Puede ser tu fuente de voltaje. Revisa si hay una caida de voltaje fuerte.


----------



## SKYFALL (Abr 9, 2016)

Si los vas a conectar en paralelo, cada uno debe tener su resistencia limitadora, deberían de sumarse los amperes, al estar conectados en paralelo.


----------



## albertoG (Abr 10, 2016)

Dan, mediré el voltaje de la fuente cuando están conectados los 3 leds, pero si el voltaje bajara, no subiría el amperaje?
Si conecto un solo led, entiendo que el amperaje es 10w dividido 12 volts, que da 0.83A, si conecto en paralelo 3 leds, que serían 30 wats, dividido por 12 volts pues darían 2,5 amperes, si el voltaje caería pues el amperaje aumentaría.
Trasteando por YouTube encontré este vídeo que comprueba lo mismo que he comprobado yo:
No me deja poner el link, pero si lo buscan en YouTube con el título "CONSUMO DE INTENSIDAD DE UNA LÁMPARA LEDS - CURIOSIDADES" verán que encuentra lo mismo que he visto con mis leds.


----------



## printido (Abr 10, 2016)

V=RI

SI el miembro de la derecha de la ecuacion disminuye, porque baja la intensidad por ejemplo, el miembro de la izquierda (voltaje) tambien debe disminuir para que se siga cumpliendo la igualdad. Considerendo evidentemente la resistencia como una constante.


----------



## albertoG (Abr 10, 2016)

Perdón por la ignorancia, pero entonces si el voltaje se mantiene constante y el amperaje baja, es que la resistencia también baja al conectar más leds en paralelo?


----------



## printido (Abr 10, 2016)

Si el voltaje se mantiene constante y la intensidad baja, por cojones la resistencia ha de subir.

V=constante=RI

Voltaje es igual a resistencia por intensidad, si el producto R por I se mantiene constante entonces si la intensidad baja, la resistencia ha de aumentar para que ese producto de R por I se siga manteniendo constante.

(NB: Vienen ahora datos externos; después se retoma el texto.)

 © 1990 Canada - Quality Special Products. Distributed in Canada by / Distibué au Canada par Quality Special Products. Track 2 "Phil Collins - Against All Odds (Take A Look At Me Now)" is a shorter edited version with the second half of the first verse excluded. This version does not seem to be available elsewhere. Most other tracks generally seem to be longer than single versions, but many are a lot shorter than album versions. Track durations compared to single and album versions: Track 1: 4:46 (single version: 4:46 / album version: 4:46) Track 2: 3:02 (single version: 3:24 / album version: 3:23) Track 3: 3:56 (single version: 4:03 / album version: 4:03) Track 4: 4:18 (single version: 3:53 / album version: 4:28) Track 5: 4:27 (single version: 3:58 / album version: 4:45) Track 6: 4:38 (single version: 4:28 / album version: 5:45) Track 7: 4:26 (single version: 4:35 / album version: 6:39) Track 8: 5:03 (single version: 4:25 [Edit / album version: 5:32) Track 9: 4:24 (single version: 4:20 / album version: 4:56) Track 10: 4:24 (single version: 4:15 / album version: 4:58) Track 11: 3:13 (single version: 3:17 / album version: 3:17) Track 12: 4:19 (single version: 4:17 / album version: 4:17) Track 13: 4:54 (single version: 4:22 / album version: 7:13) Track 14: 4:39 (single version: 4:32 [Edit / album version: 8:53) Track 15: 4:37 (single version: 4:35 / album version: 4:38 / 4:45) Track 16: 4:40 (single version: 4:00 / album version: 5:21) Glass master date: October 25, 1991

Y con lo de tus leds, al conectar cosas en paralelo la resistencia siempre baja y por ende la intensidad sube. Con tu caso solo se me ocurre que repitas el experimento y tomes mas datos, voltaje y intensidad de cada led, al conectar uno solo, dos, los tres.


----------



## albertoG (Abr 10, 2016)

Es verdad, matemática más que básica, entonces hay que considerar que al conectar varios leds de alta potencia en paralelo la resistencia del circuito va subiendo y por eso el amperaje baja?
¿Entonces también la potencia del circuito va a bajar, es decir bajará el wataje, es decir proporcionalmente iluminarán menos?


----------



## printido (Abr 10, 2016)

Al conectar cosas en paralelo la resistencia siempre baja (o se mantiene constante pero nunca sube) y por ende la intensidad sube. Con tu caso solo se me ocurre que repitas el experimento y tomes mas datos, voltaje y intensidad de cada led, al conectar uno solo, dos, los tres.

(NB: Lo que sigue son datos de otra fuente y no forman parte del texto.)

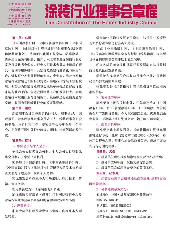 | 中国涂装首页 >>> 涂装理事会 >>> 涂装理事会章程 |
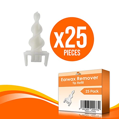 Spiral Ear Wax Remover Tips – Pack of 25 Reusable Silicone Twist Tips – Compatible with Mobi Lock Ear Wax Remover Handle – Personal Hygiene Accessories – by Mobi Lock

Los leds se excitan por intensidad, su iluminacion su brillo depende de la intensidad que circule. A menor intensidad menor brillo y viceversa.


----------



## Scooter (Abr 10, 2016)

Algo estás haciendo mal. Lo primero y mas obvio poner leds en paralelo por los conocidos motivos.
En paralelo las corrientes se suman y las tensiones se igualan. Si la corriente no sube, será por algún motivo, por ejemplo que la sección de los cables esté limitando la corriente, u otra cosa.
Como te han dicho no se puede o es muy difícil/arriesgado controlar leds por tensión, solo se puede por corriente.


----------



## miglo (Abr 10, 2016)

Scooter dijo:


> Como te han dicho no se puede o es muy difícil/arriesgado controlar leds por tensión, solo se puede por corriente.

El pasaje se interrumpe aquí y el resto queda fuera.